Merge branch 'master' of gitlab.science.ru.nl:mlubbers/mc1516the

[mc1516the.git] / second.tex

\emph{Rush Hour is a puzzle where on a $6\times6$ board trucks and cars are
placed in an initial position. The goal is to move the vehicles forward and
backward in such a way that the red car can leave the board at the exit on the
right. Here you see a picture: and here you find more information, including
the possibility to play online: \url{http://thinkfun.com/products/rush-hour/}}

\emph{Model the game in UPPAAL model and show how to find solutions. Make sure
you can solve at least the following positions:}

\subsection*{Model}

Our model can be found in \tt{2.xml} and traces for solving the intermediate
puzzle, the hard puzzle and the second puzzle from the provided website can be
found in \tt{2intermediateTrace.xtr, 2hardTrace.xtr} and
\tt{2website2Trace.xtr} respectively.

Our model is centered around a global state \tt{bool grid[6][6]} which tracks
for each square if part of a car is on it or not. There is a player which
starts the game and stops the game when the red car is at the exit. The player
starts the game if all cars have registered their presence on the grid.

Cars are modeled as either vertical or horizontal variants. Both behave exactly
the same, apart from the obvious difference that horizontal cars move along the
x-axis, while vertical cars move along the y-axis. From their start state cars
first register themselves on the grid and sync on a \tt{reg!}. 
Figure~\ref{fig:car} shows the \UPPAAL{} model of a vertical car. The player 
(Figure~\ref{fig:player})
counts the \tt{reg}s and broadcasts \tt{start!} as all cars have registered.
Cars then non-deterministically move either up/right or down/left.

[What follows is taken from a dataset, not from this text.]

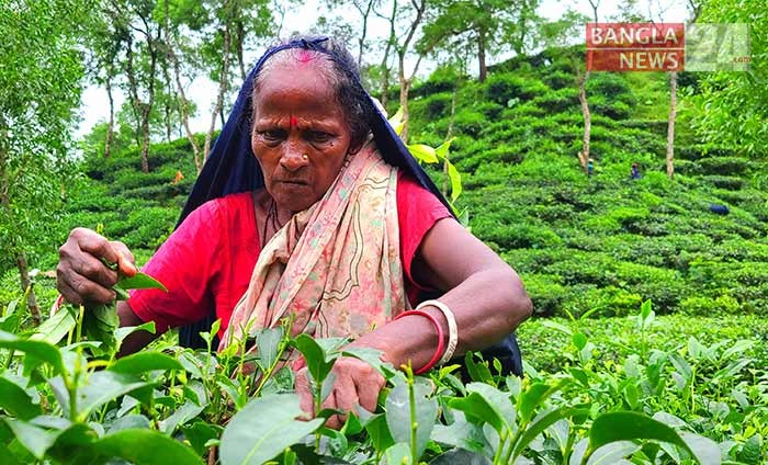 চা-বাগানে পাতা তুলছেন এক শ্রমিক। ছবি: মাহমুদ হোসেন

The red car is a special case of a horizontal car, which always runs on the
fourth row and syncs \tt{finish!} when it is at the exit.

\begin{figure}[h]
        \centering
        \includegraphics[width=.5\linewidth]{2vertCar}
        \caption{Modeling a vertical car in UPPAAL}\label{fig:car}
\end{figure}

\begin{figure}[h]
        \centering
        \includegraphics[width=.5\linewidth]{2player}
        \caption{Modeling the player in UPPAAL}\label{fig:player}
\end{figure}

\subsection*{Results}
Our model is quite fast in solving the provided puzzles. It can solve the
intermediate and hard puzzles from the exercise and the second puzzle from the
website, the first puzzle however can not be solved by our model.

\begin{tabular}{lrr}
        \toprule
        puzzle & time & memory\\
        \midrule
        intermediate    & $\pm5$ seconds & $78$ mb\\
        hard                    & $\pm0.1$ seconds & $50$ mb\\
        website 1               & \multicolumn{2}{c}{Not solvable}\\
        website 2               & $\pm0.2$ seconds & $50$ mb\\
        \bottomrule
\end{tabular}

It might seem unexpected that the intermediate result runs (considerably)
slower than the two harder challenges. The exact reason for this is unknown to
us, however it might be because the intermediate challenge has considerably
more cars than the other two challenges (13 vs. 7 and 9). This means that the
state space of possible moves and possible car positions is much larger in the
the intermediate example. Since in our model cars move non-deterministically, 
the intermediate challenge has a lot more possible moves.